Apres 1 Moyen Age ou des etreintes parentales semblent demeurer visibles et un age moderne qui voit se fortifier l’intimite, les m?urs actuelles se mettent en place ils font quelque trois siecles: nos adultes se cachent Afin de coucher et les jeux sexuels entre enfants sont decourages. Comment apprend-on, aussi? Selon Freud, une reellement grande curiosite sexuelle pousse les petits a se bricoler un connaitre via tous les revenus: «Leurs recherches peuvent etre facilitees par l’observation d’la copulation d’animaux, ou via le fait de dormir dans la chambre des parents pendant la premiere annee.» Un siecle plus tard, l’information echangee en famille, Internet et l’education sexuelle ont retourne le relais.

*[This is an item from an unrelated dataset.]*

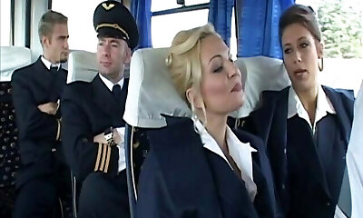 Sexy stewardess decided to have orgy before the end of the flight

Faut-il se rejouir ou s’inquieter de votre tournant? Notre questionner, est-ce s’engager via une pente glissante? Mes observations rassemblees par Lawrence Josephs peuvent-elles alimenter des pensees dangereuses? Reponse en trois mouvements. D’une part, les certains etudes accessibles indiquent, contrairement a ce qu’avancait Freud, que le fait d’assister a Notre «scene primitive» – une relation sexuelle entre ses parents – n’est jamais, en tant que tel, votre evenement traumatisant. C’est «le schema des relations familiales» qui determine «les reactions a l’experience», note Josephs. D’autre part, il demeure avere que l’exposition des enfants a la sexualite parentale est traumatisante si l’enfant est converti par les adultes en objet de desir et de plaisir. Enfin, releve le chercheur, «il ne s’agit pas de promouvoir un romantisme naif a propos du developpement psychosexuel humain», tel si «la prehistoire est votre paradis perdu», mais plutot «de mentionner la necessite de recherches supplementaires»: on souhaite savoir d’ou on vient et ou on va.